The Next-Token Prediction Pipeline: From Raw Text to Transformer Output
Demystifying the token-to-token pipeline replaces the illusion of 'understanding' with a concrete mental model of matrix operations and probability. That clarity helps developers debug generation, choose sampling parameters, and reason about costs, latency, and failure modes.
An LLM's core loop is deceptively simple: given a sequence of tokens, predict the most likely next token. Under the hood, raw text is tokenized into sub-word units and converted to numeric IDs. Those IDs are then mapped to high-dimensional embedding vectors that capture semantic meaning, and positional encodings are added so the model knows word order. The resulting vectors flow through many Transformer blocks, where self-attention layers let each token weigh the relevance of every other token in the context, and feed-forward layers refine the representation. The final hidden state is projected across the entire vocabulary to produce logits, which a softmax turns into a probability distribution. A sampling strategy picks the next token, the output is decoded back to text, and the cycle repeats until a stop condition is met. Every step—from tokenization to decoding—is a deterministic pipeline of matrix math and probability, not magic.

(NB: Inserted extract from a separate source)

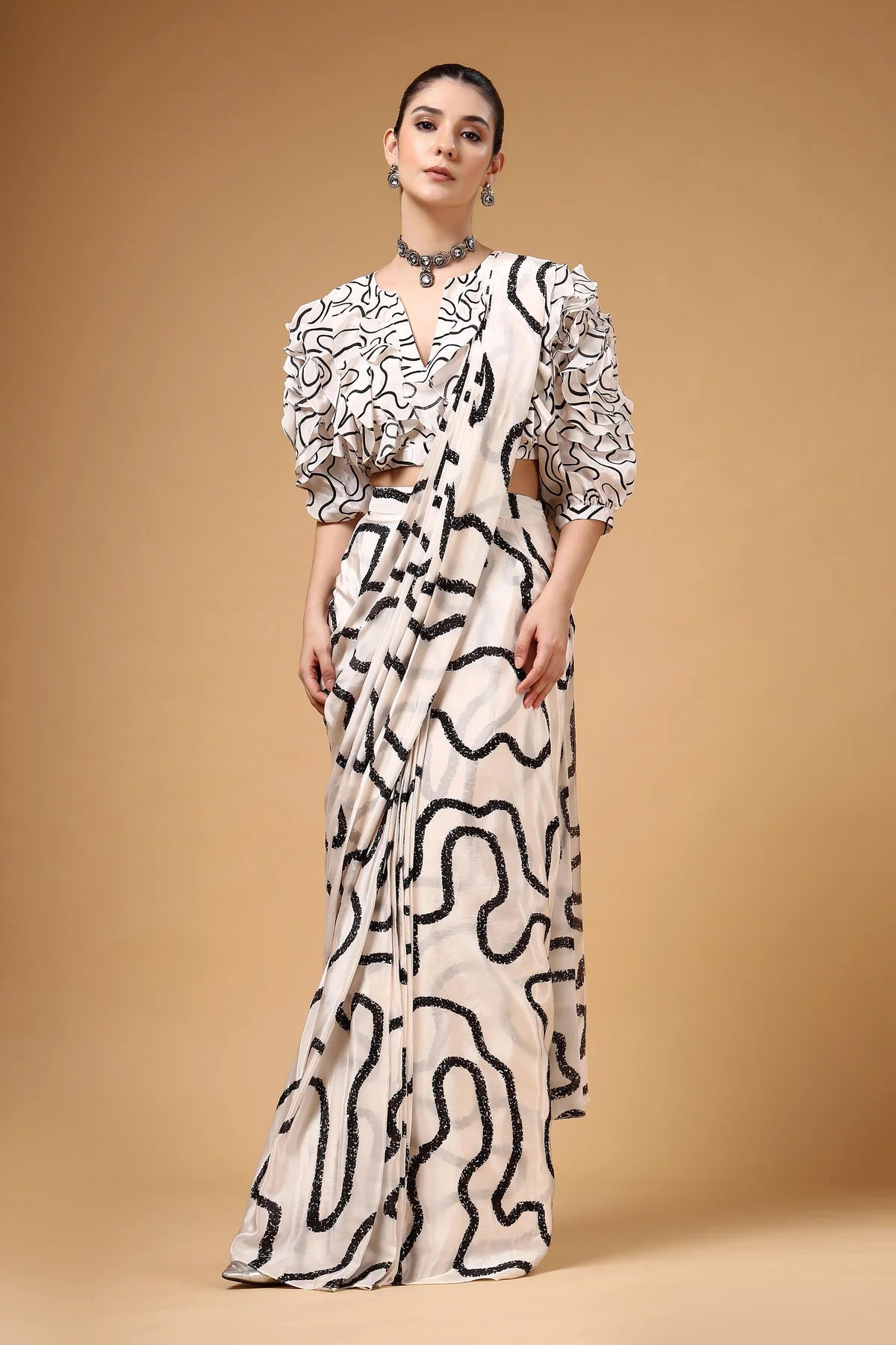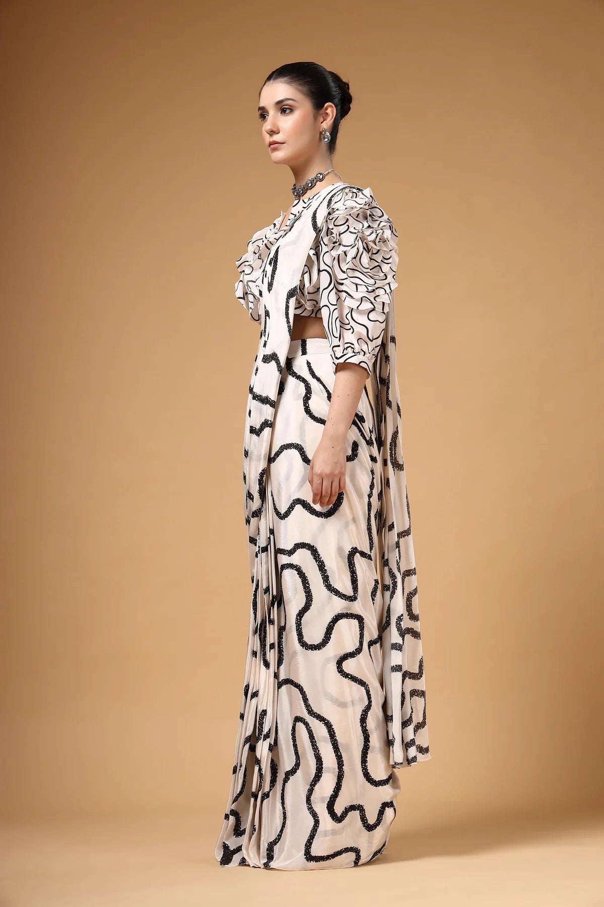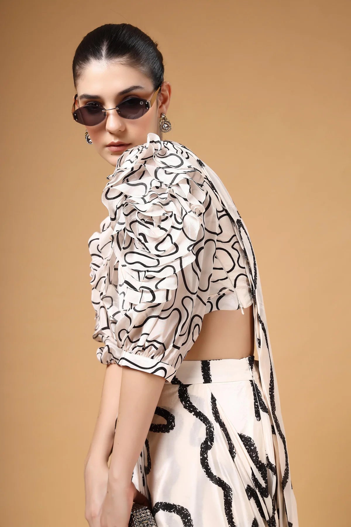 A statement ruffle blouse paired with a pre-draped saree — a fresh, modern take on classic draping. Designed for effortless wear, this ensemble blends trend-forward style with all-day comfort, making it the perfect choice for everything from intimate gatherings to grand celebrations.

Calling it 'next-word prediction' is a misnomer that hides the sub-word tokenization step; the model predicts tokens, which can be punctuation, word fragments, or code snippets.
Embedding vectors form a semantic space where analogies like 'king - man + woman ≈ queen' emerge purely from statistical training, not explicit rules.
Self-attention is not human-like focus but a vector-similarity mechanism—Query and Key dot products determine relevance, and Value vectors carry the information to be aggregated.
The same token can have a completely different internal representation depending on its surrounding context, which is why polysemy is handled without separate dictionary entries.
Temperature is not just a creativity slider; it directly modifies the softmax distribution, and choosing it poorly can make output either incoherent or repetitive.
Every API call to an LLM is a loop of matrix multiplications over a fixed vocabulary, which explains why costs scale with both input length and output length.